* [Exercise instructions] For this exercise, copy exactly the lines below from the one with "Paige Manhattan Jeans" through the one with "圖為10月9日,航拍視角下,美馬錯(cu" and leave out the pictures.

(Information provided)

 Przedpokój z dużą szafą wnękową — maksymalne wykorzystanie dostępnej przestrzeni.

(End Information provided)
(Information provided)

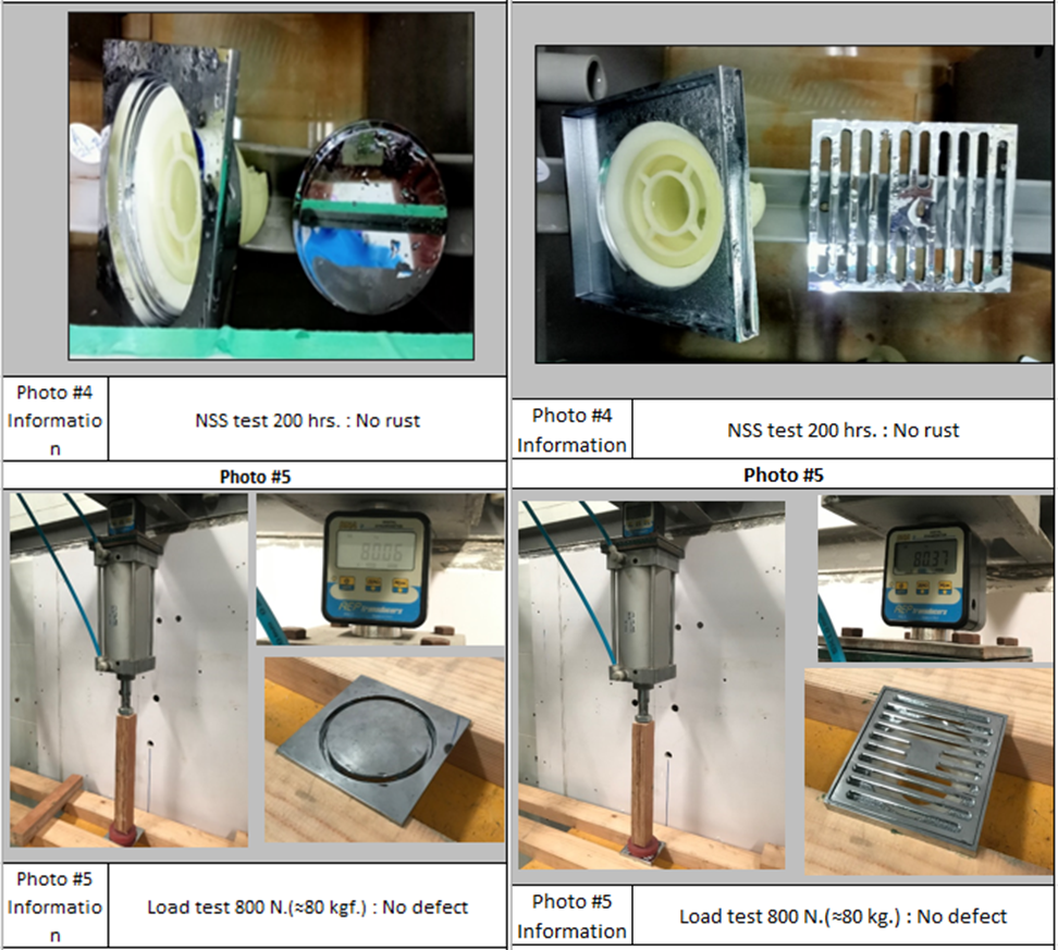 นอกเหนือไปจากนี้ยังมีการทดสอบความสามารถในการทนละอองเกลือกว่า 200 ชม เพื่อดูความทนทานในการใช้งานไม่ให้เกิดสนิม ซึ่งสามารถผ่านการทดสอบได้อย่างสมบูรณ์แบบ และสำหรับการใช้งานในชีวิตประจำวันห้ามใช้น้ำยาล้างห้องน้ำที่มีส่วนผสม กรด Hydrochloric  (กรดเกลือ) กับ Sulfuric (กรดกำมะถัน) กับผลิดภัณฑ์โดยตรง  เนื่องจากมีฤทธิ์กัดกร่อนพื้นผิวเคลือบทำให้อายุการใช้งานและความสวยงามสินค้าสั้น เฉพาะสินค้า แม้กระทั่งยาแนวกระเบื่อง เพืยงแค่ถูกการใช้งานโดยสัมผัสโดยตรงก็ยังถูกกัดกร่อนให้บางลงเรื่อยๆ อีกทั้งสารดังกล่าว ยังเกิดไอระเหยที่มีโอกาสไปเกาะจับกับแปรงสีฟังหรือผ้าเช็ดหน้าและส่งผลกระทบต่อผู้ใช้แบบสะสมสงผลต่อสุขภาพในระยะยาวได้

(End Information provided)
(Information provided)

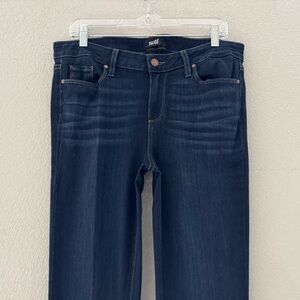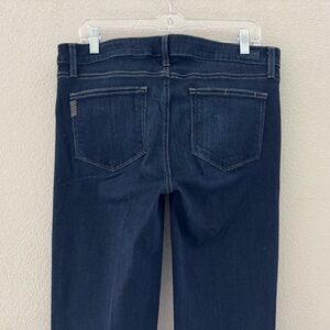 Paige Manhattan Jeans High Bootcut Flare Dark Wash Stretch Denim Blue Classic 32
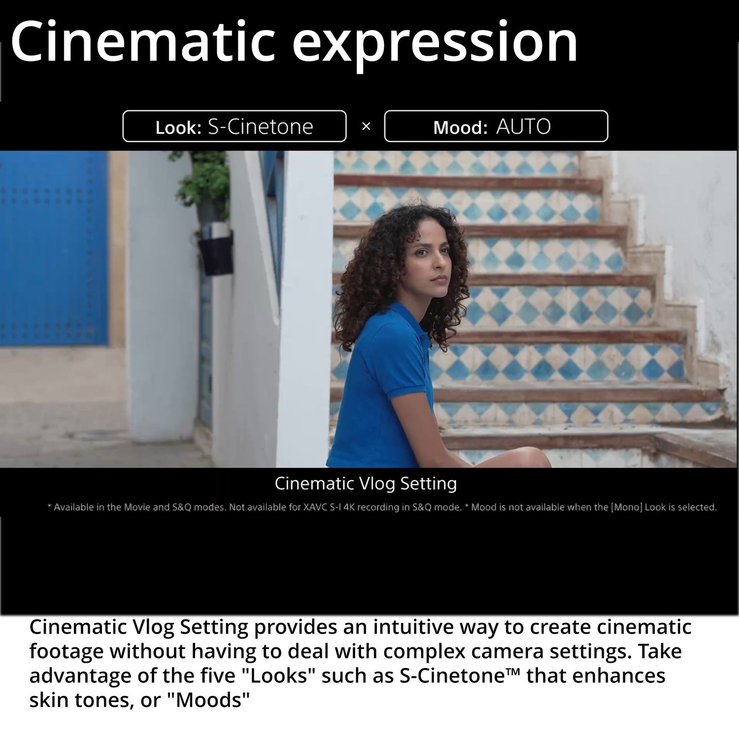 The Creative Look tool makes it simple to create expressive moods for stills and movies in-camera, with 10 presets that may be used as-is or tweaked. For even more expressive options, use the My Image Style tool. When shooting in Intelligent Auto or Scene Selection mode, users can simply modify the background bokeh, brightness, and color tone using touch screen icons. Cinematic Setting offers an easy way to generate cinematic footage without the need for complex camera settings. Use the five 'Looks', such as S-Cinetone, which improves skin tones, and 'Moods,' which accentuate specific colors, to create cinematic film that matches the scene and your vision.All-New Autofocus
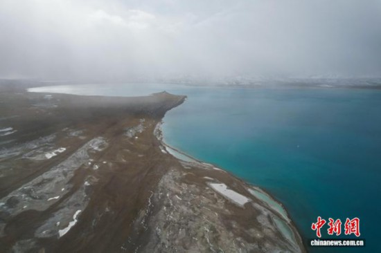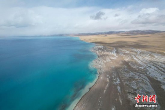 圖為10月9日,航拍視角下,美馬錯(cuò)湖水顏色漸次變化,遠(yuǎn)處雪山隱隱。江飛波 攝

(End Information provided)

* [Problem solution]
 Paige Manhattan Jeans High Bootcut Flare Dark Wash Stretch Denim Blue Classic 32
 The Creative Look tool makes it simple to create expressive moods for stills and movies in-camera, with 10 presets that may be used as-is or tweaked. For even more expressive options, use the My Image Style tool. When shooting in Intelligent Auto or Scene Selection mode, users can simply modify the background bokeh, brightness, and color tone using touch screen icons. Cinematic Setting offers an easy way to generate cinematic footage without the need for complex camera settings. Use the five 'Looks', such as S-Cinetone, which improves skin tones, and 'Moods,' which accentuate specific colors, to create cinematic film that matches the scene and your vision.All-New Autofocus
 圖為10月9日,航拍視角下,美馬錯(cuò)湖水顏色漸次變化,遠(yuǎn)處雪山隱隱。江飛波 攝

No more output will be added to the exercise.